**Data supplied**
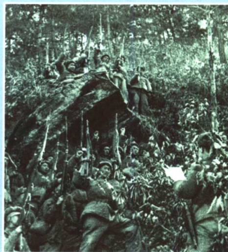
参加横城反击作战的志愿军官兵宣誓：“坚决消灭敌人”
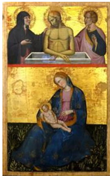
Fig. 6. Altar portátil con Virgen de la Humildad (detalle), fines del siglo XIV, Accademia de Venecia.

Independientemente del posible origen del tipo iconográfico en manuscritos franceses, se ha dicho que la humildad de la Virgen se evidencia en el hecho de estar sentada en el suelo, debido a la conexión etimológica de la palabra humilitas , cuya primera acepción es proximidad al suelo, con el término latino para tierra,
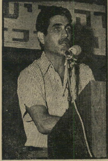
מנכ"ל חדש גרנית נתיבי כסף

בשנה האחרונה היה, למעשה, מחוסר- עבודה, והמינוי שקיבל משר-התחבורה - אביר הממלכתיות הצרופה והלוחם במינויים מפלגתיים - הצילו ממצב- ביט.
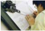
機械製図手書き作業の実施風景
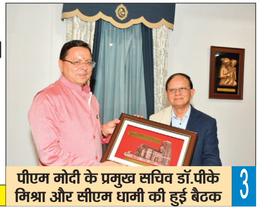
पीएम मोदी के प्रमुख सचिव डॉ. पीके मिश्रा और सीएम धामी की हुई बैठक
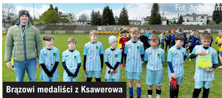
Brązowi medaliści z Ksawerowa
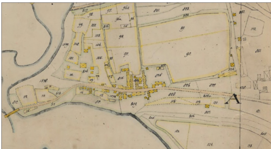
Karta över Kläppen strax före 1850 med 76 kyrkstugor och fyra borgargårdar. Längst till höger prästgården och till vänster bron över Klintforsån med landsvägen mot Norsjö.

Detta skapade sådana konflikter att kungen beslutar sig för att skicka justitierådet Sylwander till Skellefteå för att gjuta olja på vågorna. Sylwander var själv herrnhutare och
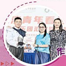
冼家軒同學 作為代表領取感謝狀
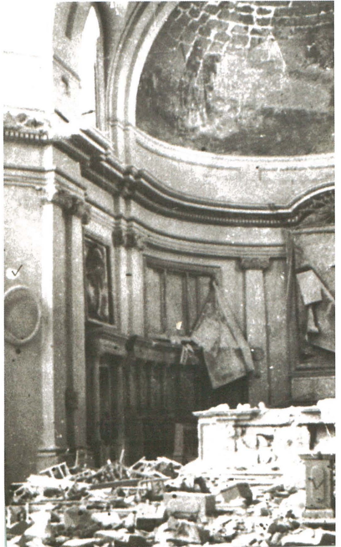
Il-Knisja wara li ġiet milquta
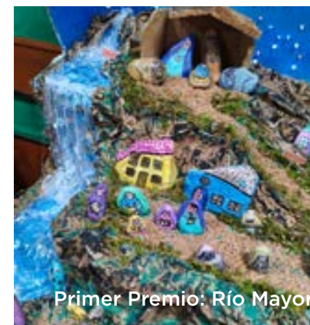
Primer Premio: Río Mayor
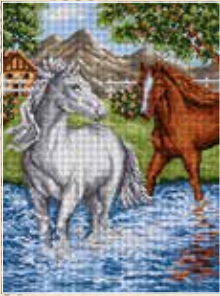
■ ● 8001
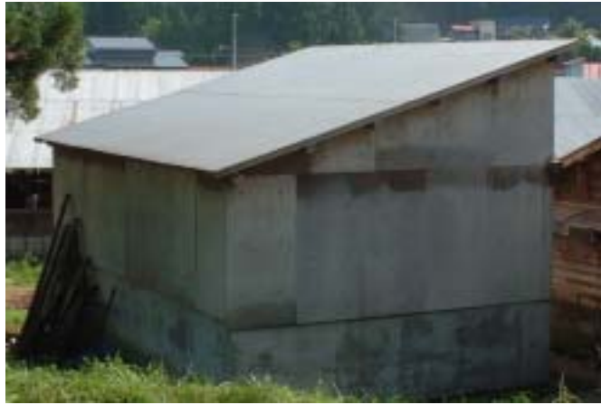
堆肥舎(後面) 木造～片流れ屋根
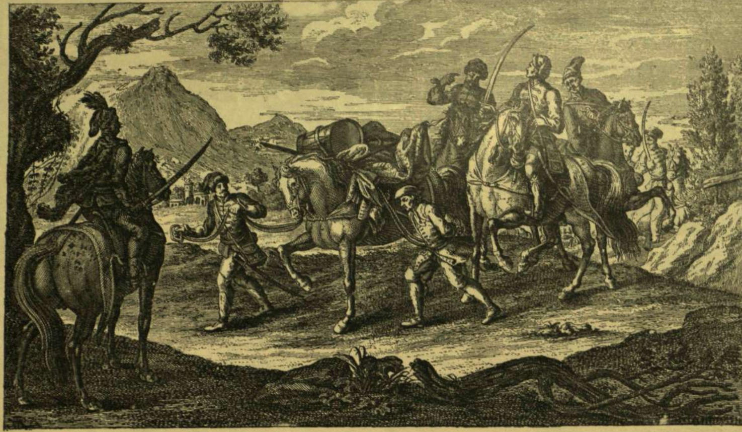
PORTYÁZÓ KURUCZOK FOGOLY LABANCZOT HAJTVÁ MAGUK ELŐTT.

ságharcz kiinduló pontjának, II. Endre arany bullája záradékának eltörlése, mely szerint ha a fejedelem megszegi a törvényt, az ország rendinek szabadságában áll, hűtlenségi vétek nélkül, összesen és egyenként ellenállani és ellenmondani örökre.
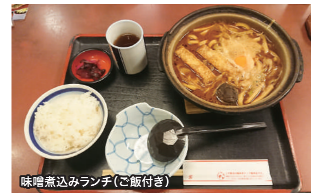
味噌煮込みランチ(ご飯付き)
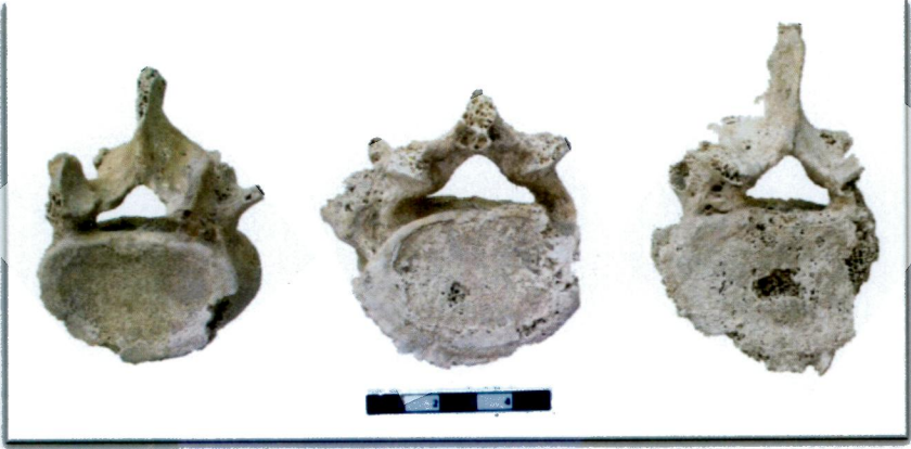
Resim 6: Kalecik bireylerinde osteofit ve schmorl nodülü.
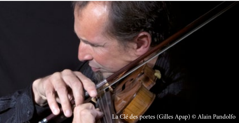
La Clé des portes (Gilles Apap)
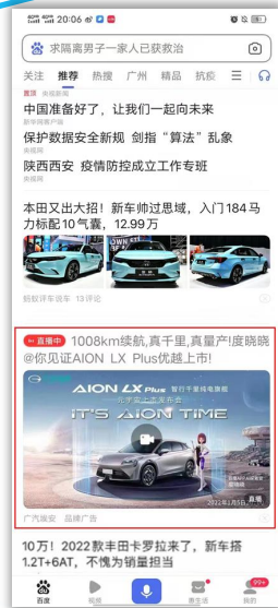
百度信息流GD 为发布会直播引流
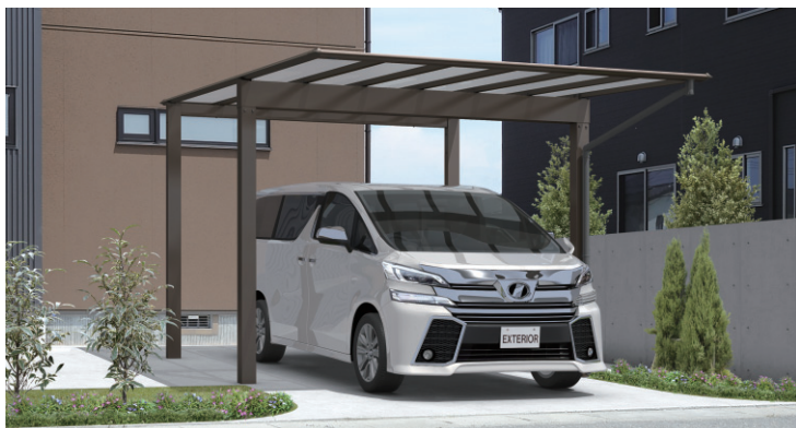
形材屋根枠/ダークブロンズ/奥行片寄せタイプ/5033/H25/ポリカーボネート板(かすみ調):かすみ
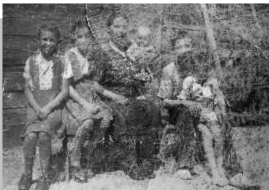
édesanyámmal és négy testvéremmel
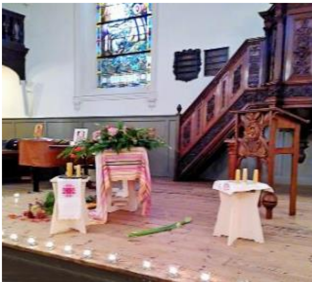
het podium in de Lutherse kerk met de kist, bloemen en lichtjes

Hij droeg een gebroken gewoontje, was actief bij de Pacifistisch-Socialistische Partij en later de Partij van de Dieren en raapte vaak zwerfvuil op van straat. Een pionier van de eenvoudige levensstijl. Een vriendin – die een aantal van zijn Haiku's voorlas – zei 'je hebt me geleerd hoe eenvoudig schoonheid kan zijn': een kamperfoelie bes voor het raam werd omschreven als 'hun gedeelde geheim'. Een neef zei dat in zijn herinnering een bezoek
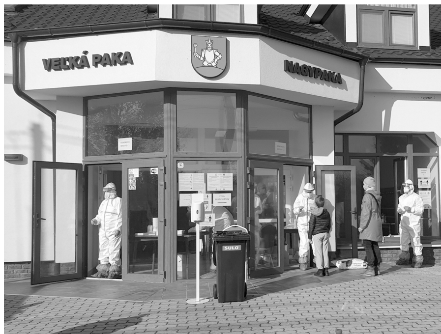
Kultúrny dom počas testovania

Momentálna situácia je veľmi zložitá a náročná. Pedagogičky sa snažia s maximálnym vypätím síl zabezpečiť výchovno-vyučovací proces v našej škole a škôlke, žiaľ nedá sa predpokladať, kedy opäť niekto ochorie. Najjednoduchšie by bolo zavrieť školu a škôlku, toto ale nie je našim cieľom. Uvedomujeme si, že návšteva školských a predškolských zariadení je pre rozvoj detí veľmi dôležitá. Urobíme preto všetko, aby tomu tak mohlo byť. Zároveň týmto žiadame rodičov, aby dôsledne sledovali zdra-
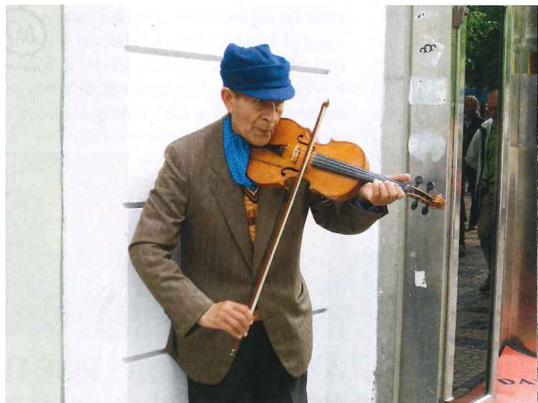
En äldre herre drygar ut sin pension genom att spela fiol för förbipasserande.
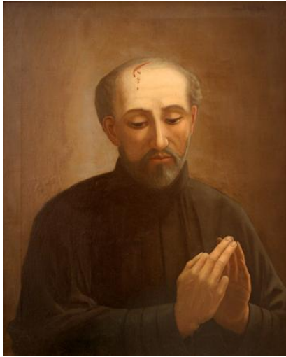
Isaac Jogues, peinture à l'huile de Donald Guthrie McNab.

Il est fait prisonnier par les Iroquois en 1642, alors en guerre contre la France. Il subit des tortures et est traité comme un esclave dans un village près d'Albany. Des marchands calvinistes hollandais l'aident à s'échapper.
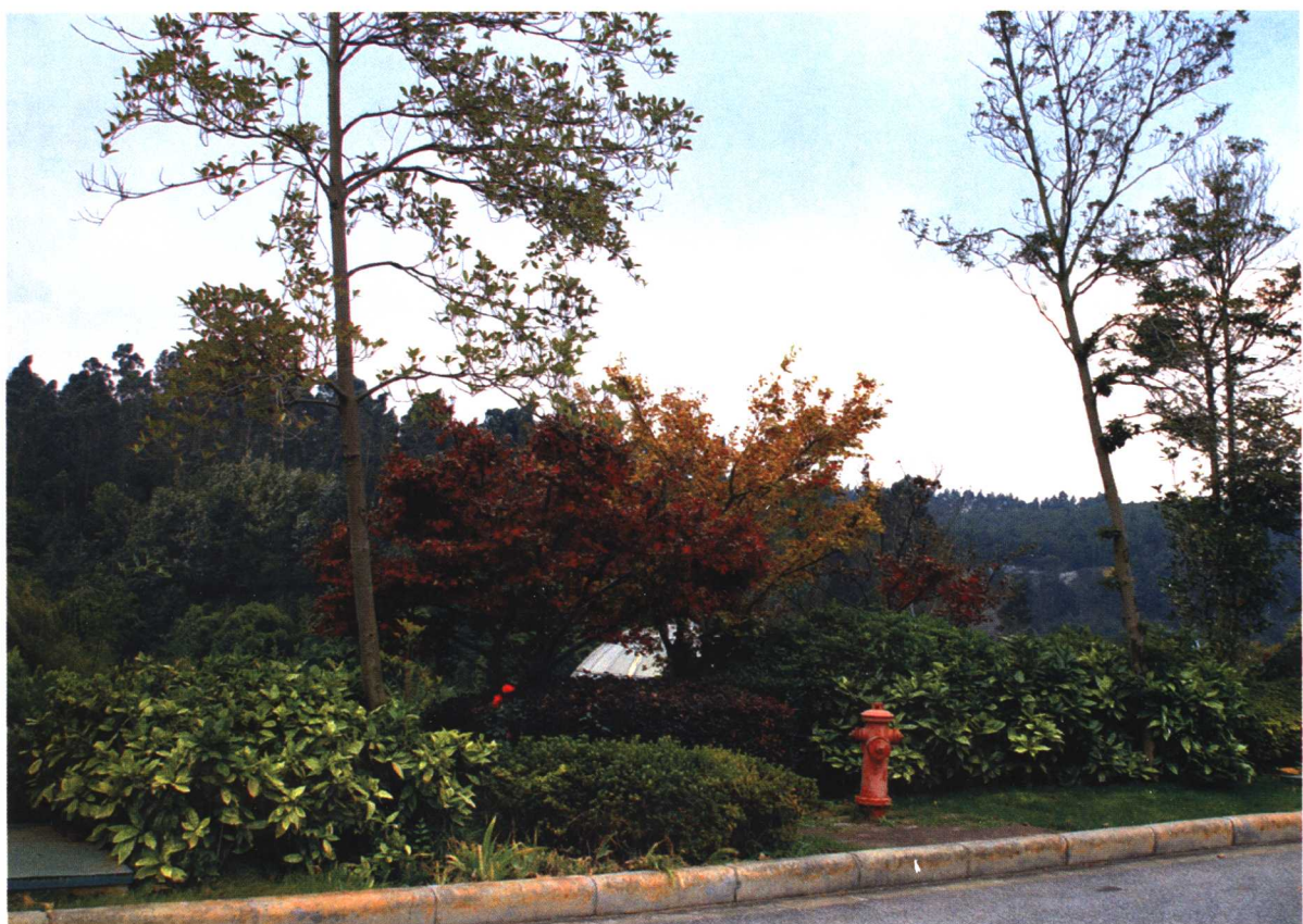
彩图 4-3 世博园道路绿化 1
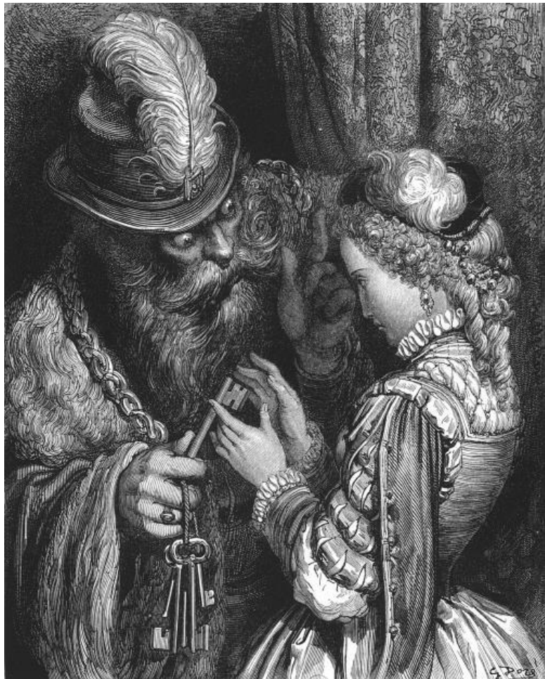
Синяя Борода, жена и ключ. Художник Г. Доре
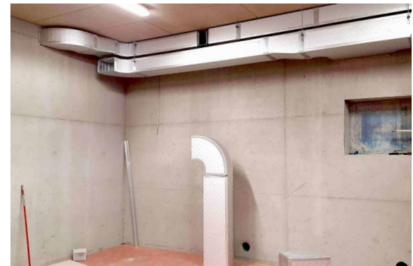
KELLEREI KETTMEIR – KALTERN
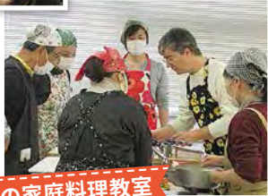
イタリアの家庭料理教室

**Work order**
Find all lines holding the word "till" in the records above and copy them.

**Solved exercise**
Karta över Kläppen strax före 1850 med 76 kyrkstugor och fyra borgargårdar. Längst till höger prästgården och till vänster bron över Klintforsån med landsvägen mot Norsjö.
Detta skapade sådana konflikter att kungen beslutar sig för att skicka justitierådet Sylwander till Skellefteå för att gjuta olja på vågorna. Sylwander var själv herrnhutare och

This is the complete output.